With speed on its side, MA-SDE appears to be a promising technique, with room to delve into new possibilities and grow alongside the burgeoning naturals market.
Since natural extracts are rare and precious, they are also a natural target for adulteration. For this reason, recent work from France investigated the use of nontargeted ultra-high performance liquid chromatography/time-of-flight mass spectrometry (UHPLC-ToFMS) metabolomics to detect possible tampering.

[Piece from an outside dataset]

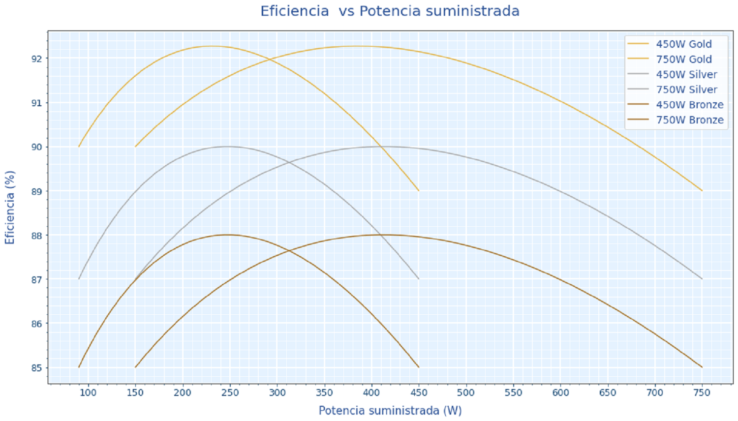 ㅤㅤA continuación, puede observar una gráfica desarrollada en Python por Pablo Corrales Gualda en la que se puede ver la eficiencia en función de la potencia suministrada de diferentes fuentes de alimentación partiendo de las diferentes clasificaciones de eficiencia existentes en el mercado:

Focusing on Viola odorata L. (English violet), the researchers found significant differences in the metabolic fingerprints of the violet leaf absolutes based on geographical location and/or adulteration. Markers of geographical origin were also detected through their molecular weight/most probable molecular formula and retention time, while adulterations were statistically validated .
The authors concluded this approach accelerated both identifying the origin of raw materials, and searching for potential adulterations. And considering today’s pace of product development and speed to market, it could be the fast past to success.
Finally, winning the race is all for naught if the consumer isn’t buying at the same breathless pace. But natural product manufacturers know the scales are tilted their favor; in fact, a recent study  shows that products labeled as natural are viewed with a “halo.”
A floral fragrance was presented to 112 participants. Prior to the test, half of participants were informed of the 100% natural origin of its components; the other half was not provided this information, even though all individuals were exposed to the same perfume. As you might have expected, participants gave a higher mark to the scent when they were informed of its natural origin.